The Ultra Maratón Caballo Blanco (also known as the Copper Canyon Ultramarathon, CCUM, or Ultra Caballo Blanco) is a 50-mile ultramarathon held annually in the town of Urique, in the northern Mexican state of Chihuahua.

Recognized internationally as the Copper Canyon Ultramarathon through author Christopher Mcdougall's book Born to Run, in honor and memory of Micah True "El Caballo Blanco" after his passing in 2012, the race was returned to the name by which it was always known in the Canyons, "Ultra Marathon Caballo Blanco.".

The Ultra Marathon Caballo Blanco is conducted by the Municipality of Urique with support by the 501(c)(3) nonprofit True Messages] and long time ‘Mas Locos’, sponsors and supporters. The UMCB has an incredible and storied history and is considered one of Ultra Marathon Running’s must-do bucket list events. Started by Micah to introduce international athletes to the beauty of the Raramuri (Tarahumara) people, their great culture, and their magical lands, each year the event brings together endurance athletes from all over the planet to run together with over 800 Raramuri athletes. 
 
In 2017 a Marathon distance (42K), and in 2019 a Half Marathon (21K) was added to the event options for those wanting to experience all the beauty of this cultural and running event but not quite ready for the 50 mile distance.

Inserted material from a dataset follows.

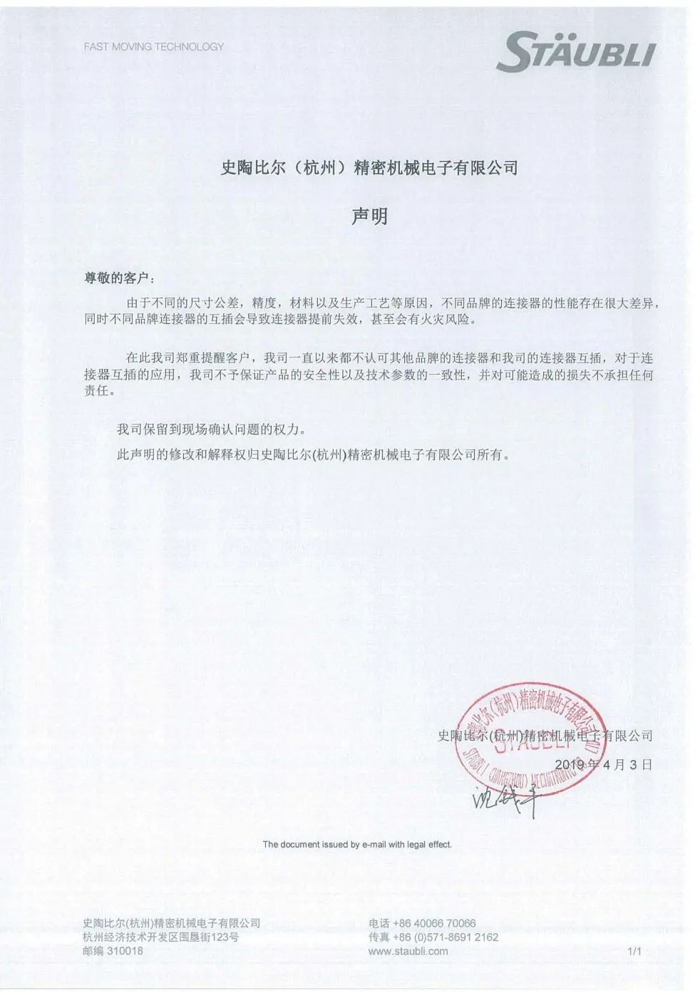 一些厂商声称其产品可以与史陶比尔16BV互插。事实上,不同厂商连接器互插,无法保证产品的安全性以及技术参数的一致性,会导致连接器提前失效以及认证失效,产生技术、法律和经济风险。此外,业主还会面临设备损坏、人员伤害,甚至火灾风险。因此,史陶比尔禁止其他厂商连接器和16BV互插。

Both the 42K and 21K are still incredibly challenging events with climbs and with what is typically a very warm day.

HISTORY

Created by Micah True the first Ultra Caballo Blanco was run on 2003 and initiated as an act of Korima (the circle of sharing, and act of giving without expectation of return, what I have is yours).  This tenet of love and caring remains today and in addition to supporting the cultural aspects of running ane health and all the other wonderful results of the experience, it continues the tradition of providing vouchers awards for all Raramuri runners that are used for nutritional sustenance (maize flour, beans, rice, etc) for their families.

The 2006 race, which included runners like Scott Jurek, Jenn Shelton and Christopher McDougall, was novelized by McDougall as part of his 2009 book Born to Run.

The event has continued to grow throughout the years.  What started as one man’s dream and a few local Tarahumara athletes, now annually attracts over 1200 endurance runners from over 20 countries.  In addition, UMCB week also includes the ‘Caballitos Runs’. These age based races for younger runners take place on Saturday and are surely a highlight of the week.  Over 800 young athletes compete for awards and prizes and just plain fun.  In addition to helping continue the running traditions with the youth, the events also support the kids with a party, and donations from sponsors and the community to make for a day these young ones look forward to all year long.

The race is now run in 50 mile, 26.2 mile, and 13.1 mile formats, and will be run again on March 4–5, 2023.